Minority Interest The Company consolidated its investment in a venture fund managed by SOFTBANK Corp. and its affiliates (“SOFTBANK”). As of July 30, 2005, minority interest of $7 million represents SOFTBANK’s share of the venture fund. The remaining minority interest of $3 million represents the preferred stockholders’ proportionate share of the equity of Cisco Systems, K.K. (Japan). At July 30, 2005, the Company owned all issued and outstanding common stock, amounting to 99.0% of the aggregate voting rights of Cisco Systems, K.K. (Japan). Each share of preferred stock is convertible into one share of common stock of Cisco Systems, K.K. (Japan) at any time at the option of the holder.
Use of Estimates The preparation of financial statements and related disclosures in conformity with accounting principles generally accepted in the United States requires management to make estimates and judgments that affect the amounts reported in the Consolidated Financial Statements and accompanying notes. Estimates are used for revenue recognition, allowance for doubtful accounts and sales returns, allowance for inventory, warranty costs, investment impairments, goodwill impairments, income taxes, and loss contingencies, among others. The actual results experienced by the Company may differ materially from management’s estimates.

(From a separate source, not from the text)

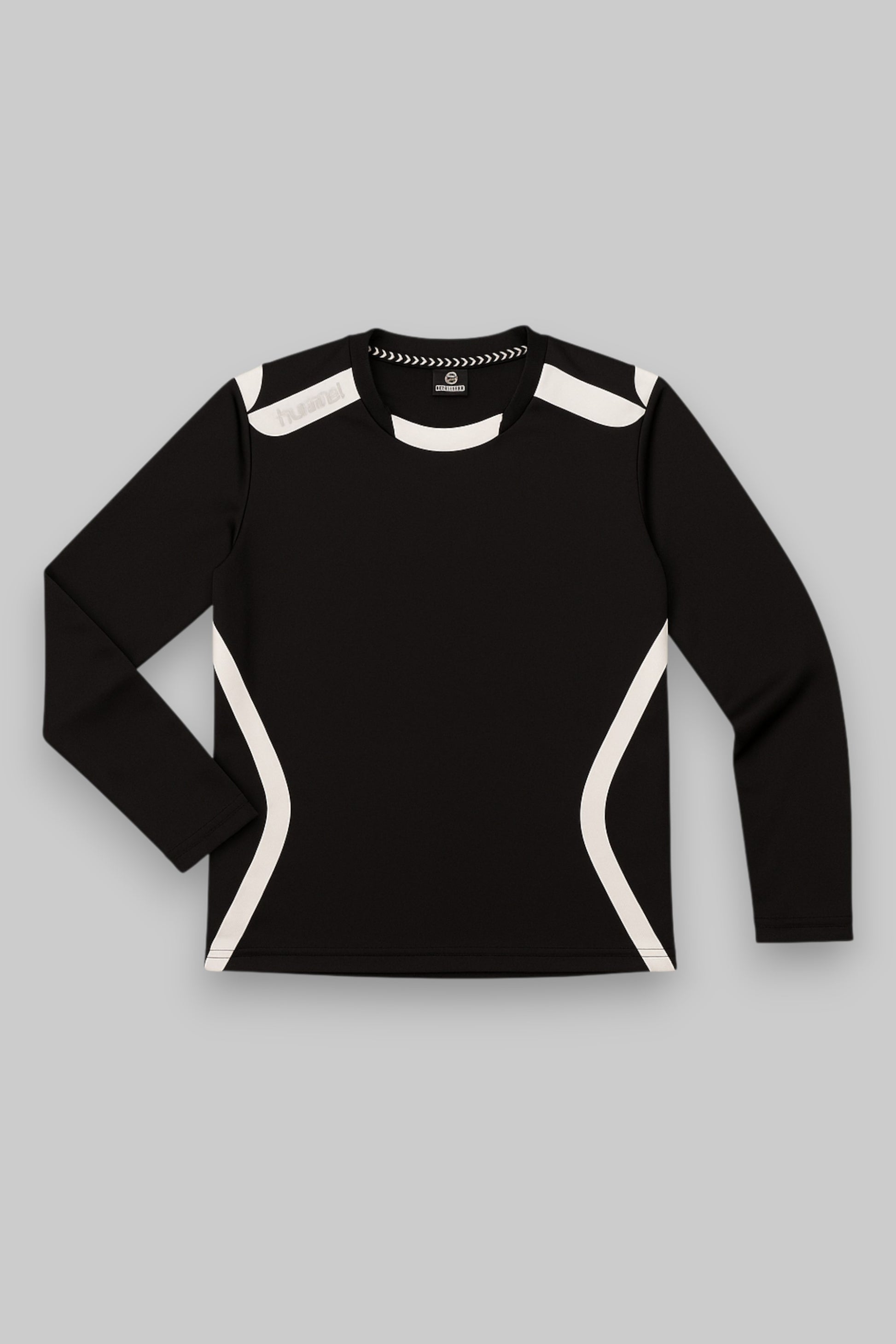 This Hummel long-sleeve performance top delivers a clean, athletic aesthetic with functional comfort. Designed in a black base with white contrast panels along the shoulders and sides, it provides a dynamic, sporty silhouette. The embroidered Hummel logo and signature chevron neck tape highlight the brand’s heritage in athletic wear. Lightweight and breathable, it’s ideal for training, school sports, or active everyday use.

Impairment of Long-Lived Assets Long-lived assets and certain identifiable intangible assets to be held and used are reviewed for impairment whenever events or changes in circumstances indicate that the carrying amount of such assets may not be recoverable. Determination of recoverability of long-lived assets is based on an estimate of undiscounted future cash flows resulting from the use of the asset and its eventual disposition. Measurement of an impairment loss for long-lived assets and certain identifiable intangible assets that management expects to hold and use is based on the fair value of the asset. Long-lived assets and certain identifiable intangible assets to be disposed of are reported at the lower of carrying amount or fair value less costs to sell.
Employee Stock Benefit Plans The Company accounts for stock-based awards to employees and directors using the intrinsic value method of accounting in accordance with Accounting Principles Board Opinion No. 25, "Accounting for Stock Issued to Employees" ("APB 25"). Under the intrinsic value method, because the exercise price of the Company’s employee stock options equals the market price of the underlying stock on the date of grant, no compensation expense is recognized in the Company’s Consolidated Statements of Operations.

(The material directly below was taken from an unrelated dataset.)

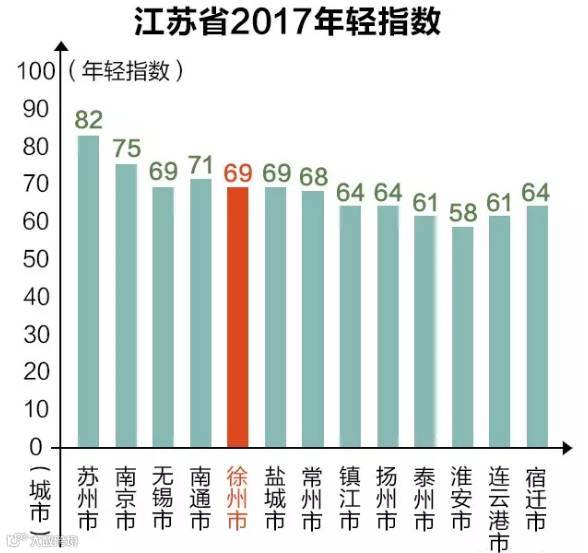 QQ大数据近日发布的《2017全国城市年轻指数》报告中,徐州的年轻指数排名江苏第五。报告显示,徐州的指数为69,同比2016年的68,徐州年轻指数上升1位。
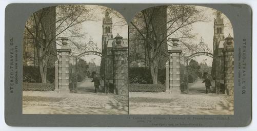Keywords: philadelphia stereographs university of pennsylvania universityofpennsylvania campus gates spruce street sprucestreet houston hall houstonhall Shows the gate on Spruce Street leading to the campus of University of Pennsylvania in Philadelphia, 1909. Pillars connected by iron-work doors flank either side of the gate at the western side of Houston Hall. The Latin phrase "inveniemus viam aut faciemus" adorns the arch of the entryway, under which a man walks. Accession number: P.2011.47.810 Shows the gate on Spruce Street leading to the campus of University of Pennsylvania in Philadelphia, 1909. Pillars connected by iron-work doors flank either side of the gate at the western side of Houston Hall. The Latin phrase "inveniemus viam aut faciemus" adorns the arch of the entryway, under which a man walks. Accession number: P.2011.47.810 |

Pro forma information regarding option grants made to the Company’s employees and directors and common stock issued pursuant to the Employee Stock Purchase Plan is based on specified valuation techniques that produce estimated compensation charges. The following table reflects the pro forma information (in millions, except per-share amounts):
The value of each option grant is estimated as of the date of grant using the Black-Scholes option pricing model, which was developed for use in estimating the value of traded options that have no vesting restrictions and are fully transferable. Because the Company’s employee stock options have characteristics significantly different from those of traded options, and because changes in the subjective input assumptions can materially affect the estimated value, in management’s opinion, the existing valuation models do not provide a reliable measure of the fair value of the Company’s employee stock options. See Note 10 for additional information regarding this pro forma information.
Recent Accounting Pronouncement In December 2004, the FASB issued Statement No. 123 (revised 2004), "Share-Based Payment" ("SFAS 123(R)"), which requires the measurement and recognition of compensation expense for all stock-based compensation payments and supersedes the Company’s current accounting under APB 25. SFAS 123(R) is effective for all annual periods beginning after June 15, 2005. In March 2005, the Securities and Exchange Commission issued Staff Accounting Bulletin No. 107 (“SAB 107”) relating to the adoption of SFAS 123(R).

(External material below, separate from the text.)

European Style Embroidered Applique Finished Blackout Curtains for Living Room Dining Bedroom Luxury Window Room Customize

The Company adopted SFAS 123(R) in the first quarter of fiscal 2006 and will continue to evaluate the impact of SFAS 123(R) on its operating results and financial condition. The pro forma information presented above and in Note 10 presents the estimated compensation charges under Statement of Financial Accounting Standards No. 123, “Accounting for Stock-Based Compensation.” The Company’s assessment of the estimated compensation charges is affected by the Company’s stock price as well as assumptions regarding a number of complex and subjective variables and the related tax impact. These variables include, but are not limited to, the Company’s stock price volatility and employee stock option exercise behaviors. The Company will recognize the compensation cost for stock-based awards issued after July 30, 2005 on a straight-line basis over the requisite service period for the entire award.
Reclassifications Certain reclassifications have been made to prior year balances in order to conform to the current year’s presentation.
3. Business Combinations
The Company completed the following purchase acquisitions and asset purchases in fiscal 2005:
A summary of the acquisitions and asset purchases is as follows (in millions):
- Acquisition of Actona Technologies, Inc. to expand the functionality of its branch-office access routers with intelligent network services that are designed to allow users at remote sites to access and transfer files as quickly and easily as users at headquarters sites. The acquired technology is also designed to allow enterprises to centralize file servers and storage and better protect and manage their remote office data.
- Acquisition of Airespace, Inc. to add to its portfolio of wireless local-area networking (WLAN) solutions and to add advanced features and capabilities to its existing WLAN product portfolio.
- Acquisition of dynamicsoft, Inc. to add Session Initiation Protocol (SIP)-based solutions to its solutions portfolio for the broadband communications market that are designed to allow telecommunications service providers to deliver interactive communications, such as conferencing, voice, and instant messaging, over an IP network.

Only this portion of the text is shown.